Sparrow(97)
A shot rang through the air. Brock fell to the ground, his body hitting with a thud that echoed between the towering trees. My head shot up. Still shaking, everything shaking, I gaped at his prone body next to me. Horror etched his face. I saw the surprise in his eyes as the dark red stain of blood bloomed on his mouse-gray jacket, spreading like an oil spill with every second that passed.
Too stunned and weak to try and get up, I lay there near the hole he dug for me.
Next thing, I saw Troy’s shoes as he stopped inches from my face. Relief washed over me. I sobbed, releasing every single tear I’d been holding all day. He was here. Troy was here, and all of a sudden, everything was okay. Despite what I knew, what I didn’t want to know, despite my life with him being over, it was okay. I knew I’d be okay.
I was so tired of being strong. Being taken care of, even by him, was a concession I was glad to make.
“Sorry, Red.” He picked up Brock’s gun with a handkerchief and walked to where Brock had been standing before the bullet hit him. “I promise I won’t even graze your ear.”
Then he shot me.
Troy Brennan, my husband, shot me.
He missed my ear by an inch, but I still felt the heat radiating from the bullet as it flew next to me. The scent of gunpowder burned my nostrils, and my eyes rolled back in their sockets.
I lost it for a moment, barely noticing Troy’s arms closing around me. The next thing I knew he was picking me up. He carried me like an altar boy, and I was his cross. Swinging my arms over his neck, hugging me tight like I could evaporate at any moment.
I clung to my mother’s white sheet and sobbed. I don’t think he noticed the sheet. I’m not even sure that I noticed what I was doing at this point. So much had happened so fast, it was almost like I was an outsider peeking into a reality that wasn’t really mine.
A second person ran through the trees in our direction. A small man with utilitarian clothes and sharp nose. A cop. He hurried toward Brock’s body and felt for a pulse.
I was still woozy and incoherent, but I noticed Brock’s gun was back in his hand.
My husband, ever the fixer.
“You shot him?” he roared at Troy.
Troy’s arms tightened around my body protectively. It started to hurt. So did my forehead and foot. Everything hurt. Everything felt broken. Especially my heart.
“Self defense,” Troy said, and I felt him through my shoulder pointing his chin at Brock. “He shot my wife, missed only by a few inches, and he was going to try again.”
Not true. Brock never did any such thing. Troy was the one who shot him, and Troy was the one who used Brock’s gun. Of course, I didn’t utter a word to the cop. I let Troy carry me to a black SUV I didn’t recognize, my arms flailing like they were no longer part of my body. I released my hold on the sheet, but he bent down, picked it up and flung it over his shoulder. He knew I knew, and somehow, that made me even sadder.
“Fuck, I’m so sorry, Red.” He kept on repeating it, more to himself than to me.
“I know everything,” I whispered into his chest. “How could you have done that to my mom? How could they have done this to us?”
His muscles tensed around my body. Chest, biceps and even his fingers stiffened.
“Sparrow—”
I fainted the second he placed me on the seat, and for the first time since everything happened, I truly didn’t give a damn if I woke up or not. Nothing seemed to matter anymore. Nothing.
I didn’t come to until I was at the hospital, and even then, everything was a blur. The first few minutes, I thought I was still in the woods, still with Brock, or even worse, dead. Then I felt the needle in my wrist and the scent of antiseptic and anesthetics attacked my nose. Blinking slowly, trying to gain some control over my vision, I saw a hazy figure sitting by my bed. I realized it was Pops, his head between his hands. His body shook, and I figured he was crying.

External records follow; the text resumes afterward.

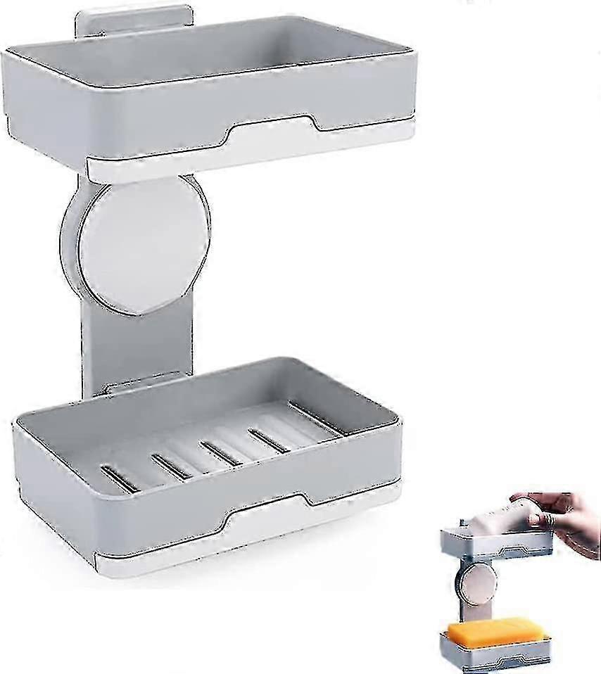 Double Soap Dish Suction Cup Double Bar Soap Dish, Double Soap Dish, Double Layer Soap Dish, No Drilling (gray) Betterlifefg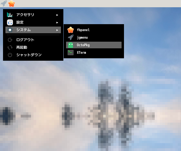 1. 概要 「OctoPkg」は、パッケージ管理(pkg)のグラフィカルフロントエンドです。 基本的な操作については共通事項の「パッケージ管理 OctoPkg」を参照してください。 2. インストール 「root」ユーザ権限で。 pkg install -y octopkg 3. 起動 「スタート」→「システム」→「OctoPkg」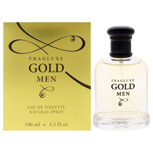 — Spray EDT Gold da Fragluxe para homens, uma fragrância ousada e carismática.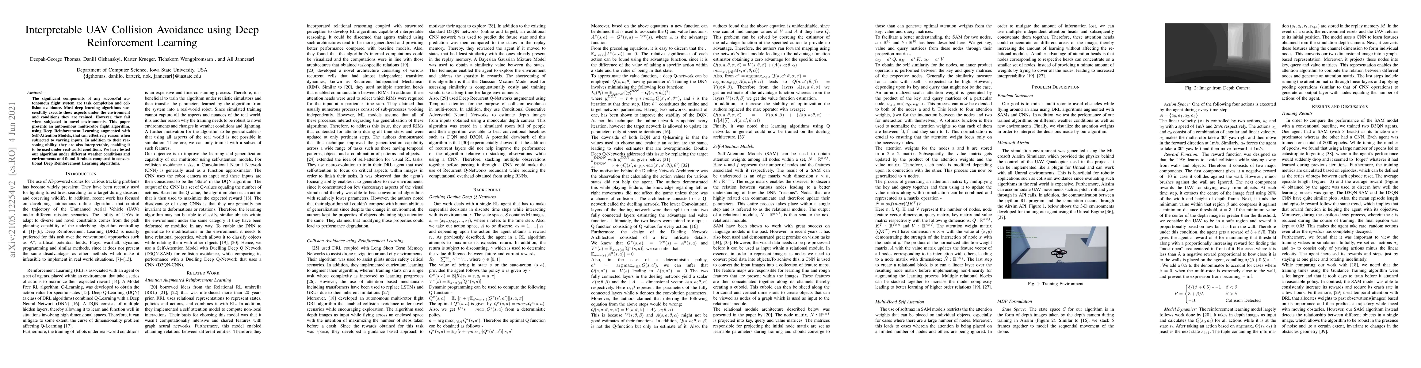 The significant components of any successful autonomous flight system are task completion and collision avoidance. Most deep learning algorithms successfully execute these aspects under the environment and conditions they are trained. However, they fail when subjected to novel environments. This paper presents an autonomous multi-rotor flight algorithm, using Deep Reinforcement Learning augmented with Self-Attention Models, that can effectively reason when subjected to varying inputs. In addition to their reasoning ability, they are also interpretable, enabling it to be used under real-world conditions. We have tested our algorithm under different weather conditions and environments and found it robust compared to conventional Deep Reinforcement Learning algorithms.

Lucy perched on the window sill, looking out, but mostly looking worried.
Daisy was digging dirt from under her fingernail absently, leaning against the wall, popping pink bubblegum.
I found comfort in the simplicity of everything around me. The walls were naked and everything was white or pale. The linoleum on the floor, basic furniture, blind-covered windows. It was boring, it was bare, and I loved it. My current self couldn’t handle detail, or stomach anything more complex than what was in front of me.
And most importantly, I was surrounded by the three, only important people in my life.
My husband was no longer a part of this short list. Not after what he did.
Pops and Lucy must’ve heard me gasping when I tried to move my foot—unsuccessfully, by the way—because Lucy jumped from where she was sitting and appeared by my bed.